A autorização de pesquisa é um regime de aproveitamento mineral em que são executados trabalhos técnicos na jazida para avaliar a sua exequibilidade econômica.

O primeiro passo a ser tomado para se requerer a pesquisa de uma determinada área, é protocolar no DNPM o Requerimento de Autorização de Pesquisa.
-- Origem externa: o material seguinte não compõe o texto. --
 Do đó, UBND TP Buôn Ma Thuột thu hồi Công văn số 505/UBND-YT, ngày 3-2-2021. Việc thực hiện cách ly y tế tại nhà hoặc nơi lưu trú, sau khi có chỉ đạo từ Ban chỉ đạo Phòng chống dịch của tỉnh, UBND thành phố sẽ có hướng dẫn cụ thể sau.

Ocorre que, autorizado para realizar a pesquisa, o requerente inicia os trabalhos, apresenta ao DNPM todos os relatórios e fica no aguardo da emissão da Portaria de Lavra para poder iniciar a atividade de extração mineral, processo este longo e demorado.

A Guia de Utilização foi instituída para viabilizar o empreendimento e simplificar o processo administrativo minerário, é um importante documento para empresas que pretendem iniciar suas atividades de forma imediata, pois permite em caráter excepcional, a extração de substâncias minerais em área titulada antes mesmo da outorga da Portaria de Lavra.

Mas o que seria um caso excepcional?

A Resolução DNPM 155/16 em seu artigo 102, parágrafo 1º, determina quais são os casos considerados excepcionais para que se possa obter a Guia de Utilização. Vejamos:

§ 1º Para efeito de emissão da GU serão consideradas como excepcionais as seguintes situações:

I – aferição da viabilidade técnico-econômica da lavra de substâncias minerais no mercado nacional e/ou internacional;

II – a extração de substâncias minerais para análise e ensaios industriais antes da outorga da concessão de lavra; e

III – a comercialização de substâncias minerais, a critério do DNPM, de acordo com as políticas públicas, antes da outorga de concessão de lavra.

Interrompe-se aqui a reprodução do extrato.